What [Ag1+] is required to start precipitation of AgOH from a saturated solution of Mg(OH)2? Ksp = 2.4 ✕ 10-8 for AgOH and Ksp = 2.6 ✕ 10-11 for Mg(OH)2

AgOH ==> Ag^+ + OH^-

Mg(OH)2 ==> Mg^2+ + 2OH^-

Ksp Mg(OH)2 = (Mg^2+)(OH^-)^2
Ksp AgOH = (Ag^+)(OH^-)

Calculate (OH^-) in a saturated solution of Mg(OH)2. That is
.........Mg(OHO2 ==> Mg^2+ + 2OH^-
I........solid........0.......0
C........solid........x.......2x
E........solid........x.......2x
Ksp = (Mg^2+)(OH^-)^2
Ksp = (x)(2x)^2 = 4x^3
Solve for x = (Mg^2+) and twice that will be OH^-.
Then set up Ksp = (Ag^+)(OH^-). substitute OH and solve for (Ag^+).

To determine the [Ag^+] required to start precipitation of AgOH from a saturated solution of Mg(OH)2, we need to compare the solubility products (Ksp) of AgOH and Mg(OH)2.

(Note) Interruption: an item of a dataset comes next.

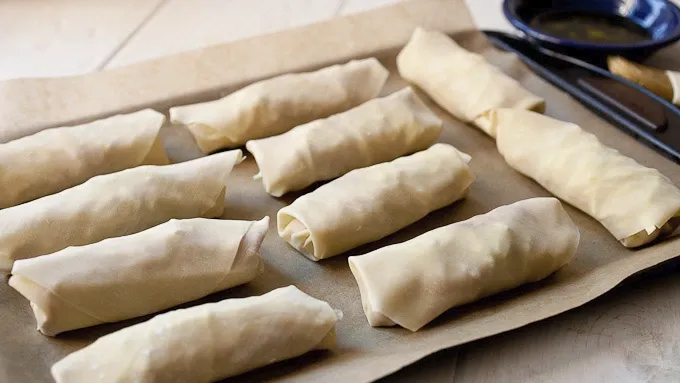 Step4Repeat with all egg rolls, then brush egg rolls with olive oil.
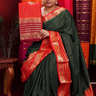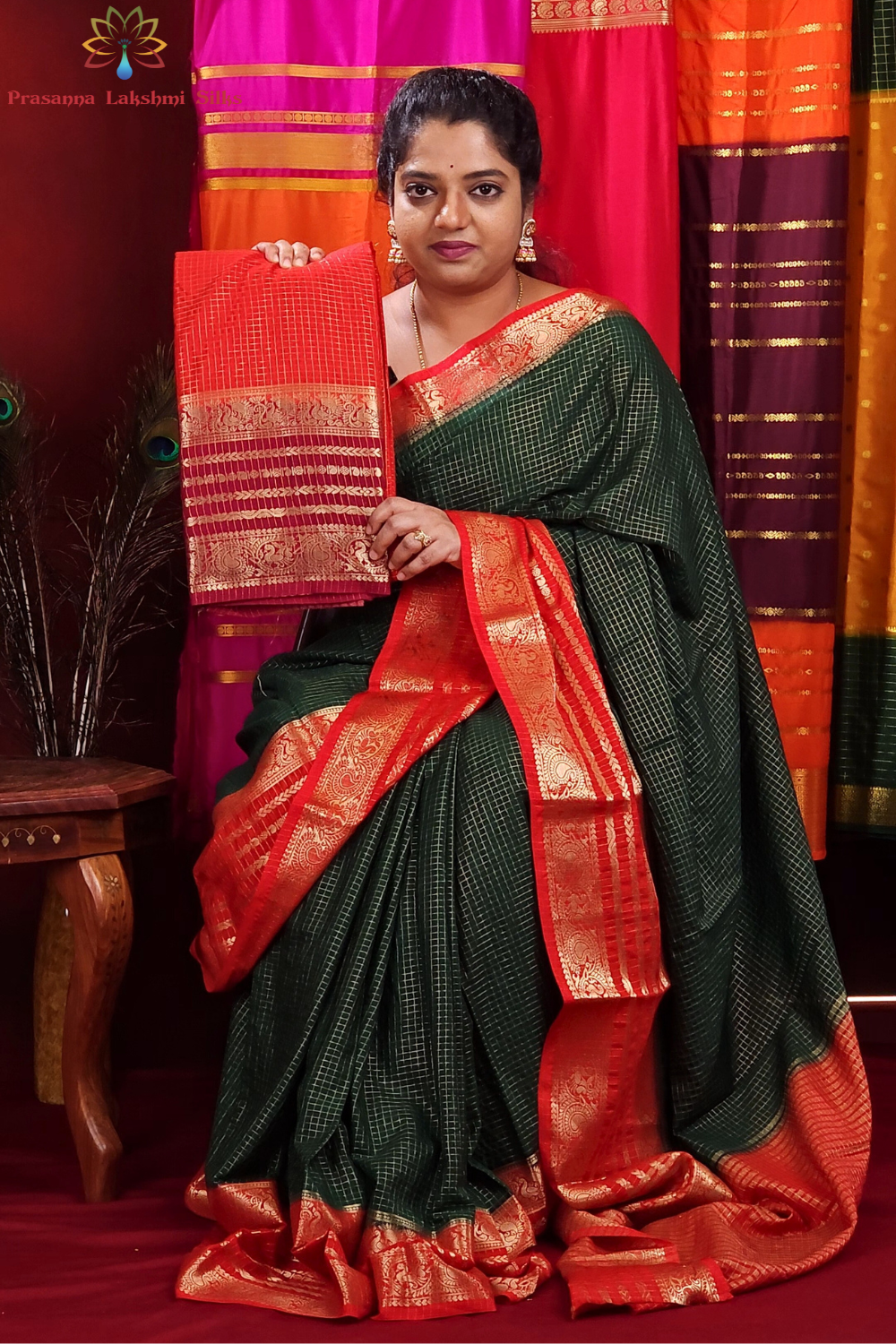 Beautiful Semi Mysore Silk Saree, featuring allover checks designed with a unique border detailing—lower side contrast lines border and a 1-inch contrast border on the upper side,The look is completed with a zari stripes pallu,and a contrast blouse

The solubility product expression for AgOH is:
AgOH ⇌ Ag^+ + OH^-

The solubility product expression for Mg(OH)2 is:
Mg(OH)2 ⇌ Mg^2+ + 2OH^-

Given the Ksp values:
Ksp(AgOH) = 2.4 × 10^-8
Ksp(Mg(OH)2) = 2.6 × 10^-11

We can use these Ksp values to calculate the concentration of OH^- in the saturated solution of Mg(OH)2. Since AgOH will precipitate when the concentration of Ag^+ exceeds the concentration of OH^-, we need to find the concentration of OH^- when the concentration of Ag^+ is equal to or slightly greater than its solubility product.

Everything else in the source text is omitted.